L. S. :Vous abordez toujours des sujets sensibles et personnels dans vos spectacles. Comment gérez-vous la limite entre votre vie personnelle et ce qui pourrait servir de matériel à un projet ?
B. R. : Concernant l’écriture de ce spectacle, cela s’est encore bien passé. C’est surtout lorsque j’ai commencé à le mettre en scène que cela m’a posé problème. Je n’arrivais pas à mettre cette distance et je perdais complètement mes moyens. Mais finalement, à force de faire encore et encore ce spectacle en répétitions, la distance s’est créée et j’avais l’impression de permettre à ces souvenirs de revivre, plutôt que de les subir. J’ai alors éprouvé un réel plaisir à jouer et à évoquer ces moments. J’ai aussi pris le parti de voir la chance que j’avais, de pouvoir par exemple écouter ma grand-mère à chaque fois que je joue. Mais ce spectacle est sans doute mon projet le plus personnel.
L. S. : Malgré des souvenirs tristes ou difficiles, on ne sent pas une once de rancœur ou d’amertume dans votre jeu, mais plutôt un amour qui accepterait les imperfections. Diriez-vous que ce spectacle marque un certain apaisement, une nouvelle étape de vie ?

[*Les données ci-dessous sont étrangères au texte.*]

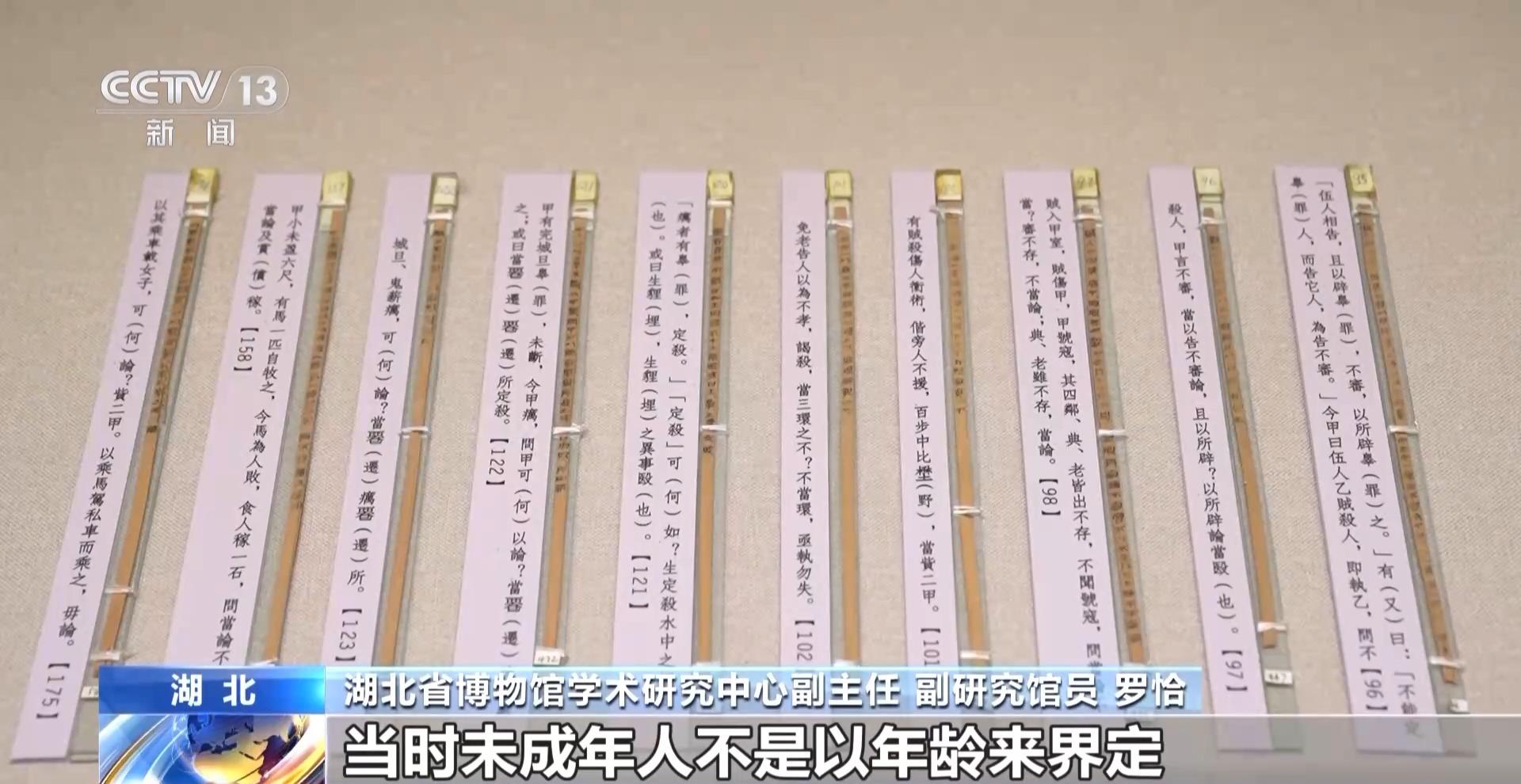 湖北省博物馆学术研究中心副主任 副研究馆员 罗恰:这一组就是睡虎地秦简里面的《法律答问》,这里面就有目前我们发现的最早的“未成年人保护法”。当时未成年人不是以年龄来界定,他是以身高6尺(来界定),大概相当于现在不到1米39的样子,6尺以下是未成年人。这里面讲不到6尺的一个小孩去放马,马受到了惊扰,就吃掉了人家一石的庄稼。那么现在就问——这个小孩该不该受到惩处,回答是不该受到惩处,而且也不用去赔偿庄稼,这也是当时对未成年人进行一个特殊照顾(的体现)。

B. R. : Je pense qu’il s’agit de nature plutôt que d’étape de vie. Comme je suis assez connectée à mes émotions, cela m’arrive rarement d’emmagasiner beaucoup et que tout lâche à un moment. Mon métier fait aussi que je suis continuellement en lien avec mes émotions, c’est comme un muscle. Ça ne me fait donc pas peur, car je m’en sers tout le temps. C’est peut-être aussi une question de génération, on parle beaucoup plus, actuellement, de santé mentale, d’exprimer ce que l’on ressent. Pour moi, c’est la scène qui a permis cela, et j’en suis très reconnaissante. Il y a peu de métiers où on peut raconter des choses personnelles, et se sentir valorisé, se faire applaudir. La scène calme l’ego et les peurs, elle donne l’impression d’avoir un rôle.